MOSCOW (Reuters) - Police in Moscow detained prominent anti-Kremlin activist Ildar Dadin on Friday, less than two weeks after he was released from prison, when he staged a one-man demonstration outside Russia’s prison service.
Dadin, 34, was freed from a Siberian prison last month after becoming the first person to be jailed under new rules that made some forms of non-violent protest a criminal offence.
He was sentenced to three years in prison - reduced to two and a half on appeal - in December 2015 for a series of peaceful one-man protests against the Kremlin. The Supreme Court quashed his conviction on Feb. 22.

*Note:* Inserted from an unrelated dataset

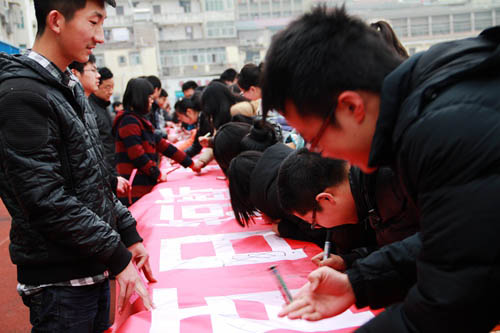 高三(6)班李方麗、高三(10)班阮曾成、高三(15)班余小芳代表同學(xué)們發(fā)言,表示一定牢記“認(rèn)真”二字,拋開(kāi)雜念,耐住寂寞,奮發(fā)努力,分秒必爭(zhēng),以最好的狀態(tài)迎接2014年高考。
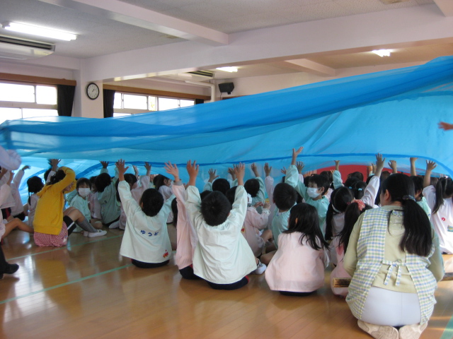 今日は幼稚園で役員主催の文化観賞会の催しで、キャンプ・ネポスのショーを幼稚園に見に行った。

Dadin’s wife, Anastasia Zotova, confirmed he had been detained on Friday as did eye witnesses. Law enforcement sources told Russian news agencies he had been taken into custody for failing to show his passport when asked.
“Ildar again is arrested,” Zotova wrote on social media. “His first picket (since his release), his first detention.” Zotova, who afterwards herself staged a similar protest in the same spot, said her husband had later been released.
Russian news agencies cited Dadin complaining that police had violated his constitutional rights by failing to back their request to see his passport with the necessary legal documents.
Photographs from the scene showed Dadin holding a placard in central Moscow outside the federal prison service demanding that a raft of prison officials be fired.
Before he was released, Dadin, an outspoken critic of President Vladimir Putin and his policies, said he was being tortured and feared for his life.
Prison officials dismissed his allegations, but he was subsequently moved to a different prison and then freed.
Dadin and fellow rights activists are lobbying to get the law under which he was first jailed, which made it a crime to violate protest rules more than twice in 180 days, annulled.